The November election is a few short weeks away, which means it's prime presidential debate time. The first debate between Joe Biden and Donald Trump, as chaotic and unpresidential as it was, went according to plan. As did the vice presidential debate. But Trump's recent positive COVID-19 result threw a wrench into the rest of the debate schedule and made the whole election process all the more stressful and uncertain.
As you've probably heard, tonight's presidential debate was canceled. So here's everything you need to know about why there won't be a virtual showdown, how you can still hear from the candidates, and the status of the third and final debate.
What Happened to the Second Debate?
After the first presidential debate, news broke that Trump tested positive for COVID-19. Though he claimed there's nothing to fear, the pandemic has already cost more than 215,000 Americans their lives and is already impacting the election.
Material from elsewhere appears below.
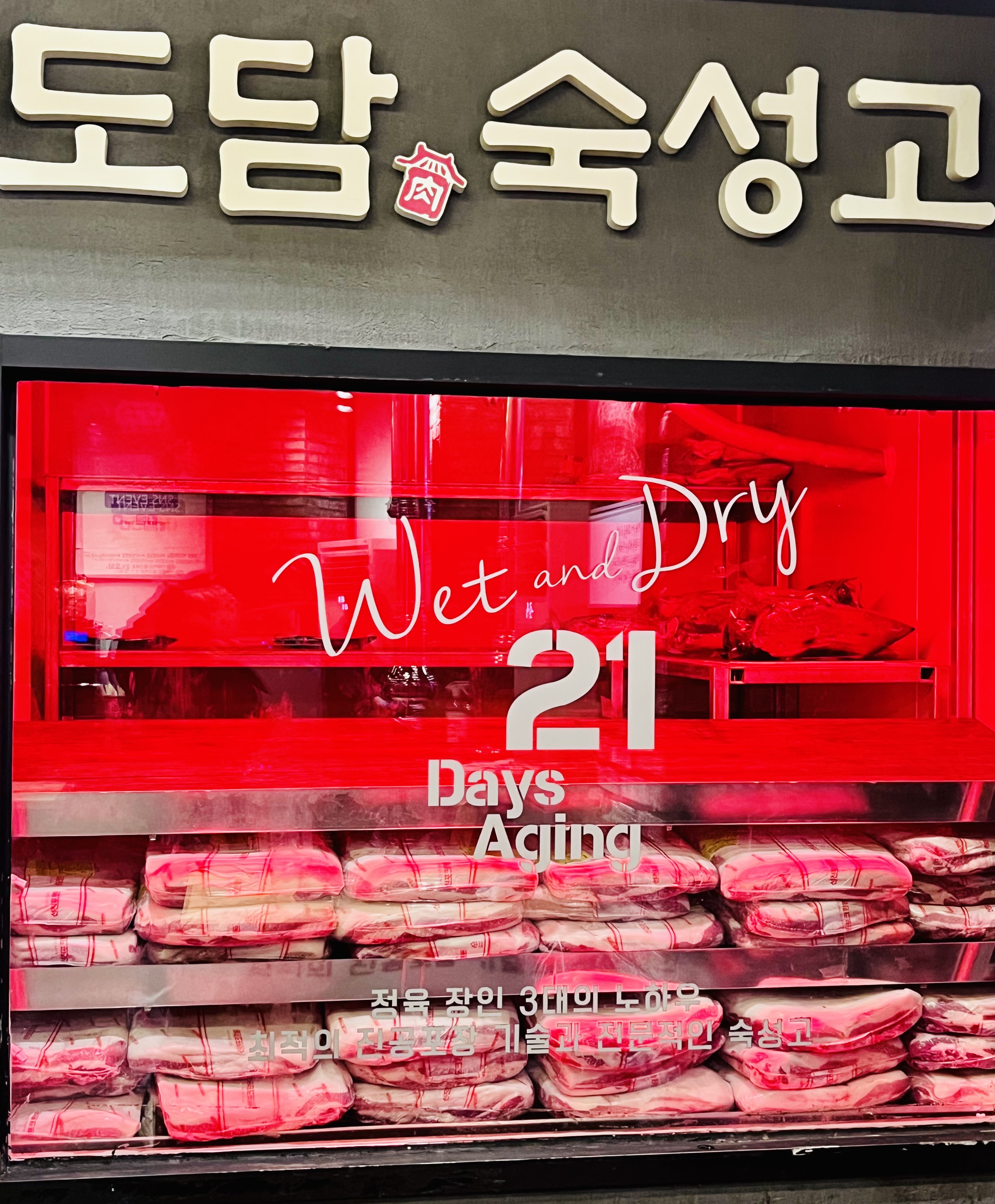 안으로 들어가니 고기 숙성고가 한쪽에 따로 있고 고기를 초벌 하는 곳도 있어 다른 고깃집과 다른 느낌이었어요.

Because Trump tested positive, the Commission on Presidential Debates announced the second debate, which was supposed to be a town hall, would be virtual. Trump then refused to partake in the virtual format and tried to push the commission to hold an in-person event once his doctor gave him the go-ahead. For safety reasons, the commission stated they would not reverse their decision. Because Trump maintained his stance that he wouldn't participate in a virtual debate, the second one is officially canceled.
What Will Replace the Debate?
As soon as Trump turned down the virtual debate, Biden scheduled his own town hall that will air on ABC News at 8 p.m. EST on Thursday and be moderated by George Stephanopoulos. At the time, Andrew Bates, a Biden spokesperson, said:
"Vice President Biden looks forward to making his case to the American people about how to overcome this pandemic, restore American leadership and our alliances in the world, and bring the American people together. It's shameful that Donald Trump ducked the only debate in which the voters get to ask the questions—but it's no surprise."
In response, Trump's campaign sought to push back the remaining two debates in hopes he would be able to debate in person despite his coronavirus diagnosis. According to CNN, Biden's team blocked that proposal, stating, "Donald Trump doesn't make the debate schedule."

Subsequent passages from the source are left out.